Supplied information: Begin
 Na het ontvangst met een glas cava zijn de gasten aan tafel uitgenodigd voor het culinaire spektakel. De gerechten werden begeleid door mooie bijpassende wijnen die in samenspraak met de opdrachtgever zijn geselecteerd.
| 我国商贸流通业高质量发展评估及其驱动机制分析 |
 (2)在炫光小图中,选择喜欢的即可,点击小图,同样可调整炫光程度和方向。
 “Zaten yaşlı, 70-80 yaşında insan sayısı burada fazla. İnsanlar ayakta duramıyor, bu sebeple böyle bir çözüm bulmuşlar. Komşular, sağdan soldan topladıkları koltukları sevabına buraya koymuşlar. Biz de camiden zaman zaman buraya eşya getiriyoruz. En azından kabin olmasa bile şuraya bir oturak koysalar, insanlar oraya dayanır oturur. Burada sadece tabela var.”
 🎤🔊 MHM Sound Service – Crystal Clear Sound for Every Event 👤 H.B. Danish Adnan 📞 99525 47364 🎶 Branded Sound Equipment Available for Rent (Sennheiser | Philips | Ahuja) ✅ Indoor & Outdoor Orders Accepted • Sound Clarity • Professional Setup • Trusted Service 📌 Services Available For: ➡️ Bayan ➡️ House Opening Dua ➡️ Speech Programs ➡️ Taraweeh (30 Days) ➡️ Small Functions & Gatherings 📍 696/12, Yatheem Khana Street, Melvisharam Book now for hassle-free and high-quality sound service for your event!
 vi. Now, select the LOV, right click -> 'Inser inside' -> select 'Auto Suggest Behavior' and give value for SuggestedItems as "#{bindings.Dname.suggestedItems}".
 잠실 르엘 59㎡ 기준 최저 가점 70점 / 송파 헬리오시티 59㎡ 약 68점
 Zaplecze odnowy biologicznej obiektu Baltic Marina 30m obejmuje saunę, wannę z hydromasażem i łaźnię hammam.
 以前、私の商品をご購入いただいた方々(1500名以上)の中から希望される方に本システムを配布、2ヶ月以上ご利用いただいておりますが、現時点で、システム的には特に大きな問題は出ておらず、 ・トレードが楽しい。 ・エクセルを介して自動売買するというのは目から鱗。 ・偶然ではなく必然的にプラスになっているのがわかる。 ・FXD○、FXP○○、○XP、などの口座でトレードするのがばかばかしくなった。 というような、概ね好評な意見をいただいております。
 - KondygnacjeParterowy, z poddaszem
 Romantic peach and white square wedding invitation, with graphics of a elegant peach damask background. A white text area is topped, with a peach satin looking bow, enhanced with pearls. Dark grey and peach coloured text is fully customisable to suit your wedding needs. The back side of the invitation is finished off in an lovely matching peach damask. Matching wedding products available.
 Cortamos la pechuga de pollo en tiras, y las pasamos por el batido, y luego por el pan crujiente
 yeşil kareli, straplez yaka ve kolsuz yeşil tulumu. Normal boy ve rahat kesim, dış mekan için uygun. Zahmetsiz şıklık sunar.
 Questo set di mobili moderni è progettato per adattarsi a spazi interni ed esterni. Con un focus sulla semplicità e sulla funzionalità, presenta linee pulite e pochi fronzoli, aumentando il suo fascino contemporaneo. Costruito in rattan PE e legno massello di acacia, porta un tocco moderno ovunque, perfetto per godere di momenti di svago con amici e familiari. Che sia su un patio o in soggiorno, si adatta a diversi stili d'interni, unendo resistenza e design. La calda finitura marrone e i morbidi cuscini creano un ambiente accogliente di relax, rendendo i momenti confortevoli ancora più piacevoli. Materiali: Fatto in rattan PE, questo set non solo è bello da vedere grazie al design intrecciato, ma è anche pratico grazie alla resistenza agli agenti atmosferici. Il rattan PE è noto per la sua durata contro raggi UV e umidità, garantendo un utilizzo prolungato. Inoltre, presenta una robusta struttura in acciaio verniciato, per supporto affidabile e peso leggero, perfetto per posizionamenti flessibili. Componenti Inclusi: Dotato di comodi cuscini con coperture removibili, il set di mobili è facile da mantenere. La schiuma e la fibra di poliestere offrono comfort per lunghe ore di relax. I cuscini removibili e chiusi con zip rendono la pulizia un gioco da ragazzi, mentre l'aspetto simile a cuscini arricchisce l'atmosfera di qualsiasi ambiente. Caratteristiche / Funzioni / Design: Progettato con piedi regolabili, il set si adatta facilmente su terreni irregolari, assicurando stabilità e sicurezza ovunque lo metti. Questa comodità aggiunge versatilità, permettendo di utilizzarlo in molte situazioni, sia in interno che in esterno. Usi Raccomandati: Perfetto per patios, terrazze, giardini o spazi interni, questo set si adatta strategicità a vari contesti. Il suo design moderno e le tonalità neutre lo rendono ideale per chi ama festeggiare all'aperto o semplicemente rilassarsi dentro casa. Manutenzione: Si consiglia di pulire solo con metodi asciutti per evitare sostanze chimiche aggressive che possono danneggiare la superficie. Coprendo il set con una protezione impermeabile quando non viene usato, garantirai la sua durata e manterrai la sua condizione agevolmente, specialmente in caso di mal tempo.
Supplied information: End
### Try it
Looking back over the data above, restate word for word the lines that begin at the line with "Cortamos la pechuga" and end at the line with "yeşil kareli, straplez", inclusive.

### Output
 Cortamos la pechuga de pollo en tiras, y las pasamos por el batido, y luego por el pan crujiente
 yeşil kareli, straplez yaka ve kolsuz yeşil tulumu. Normal boy ve rahat kesim, dış mekan için uygun. Zahmetsiz şıklık sunar.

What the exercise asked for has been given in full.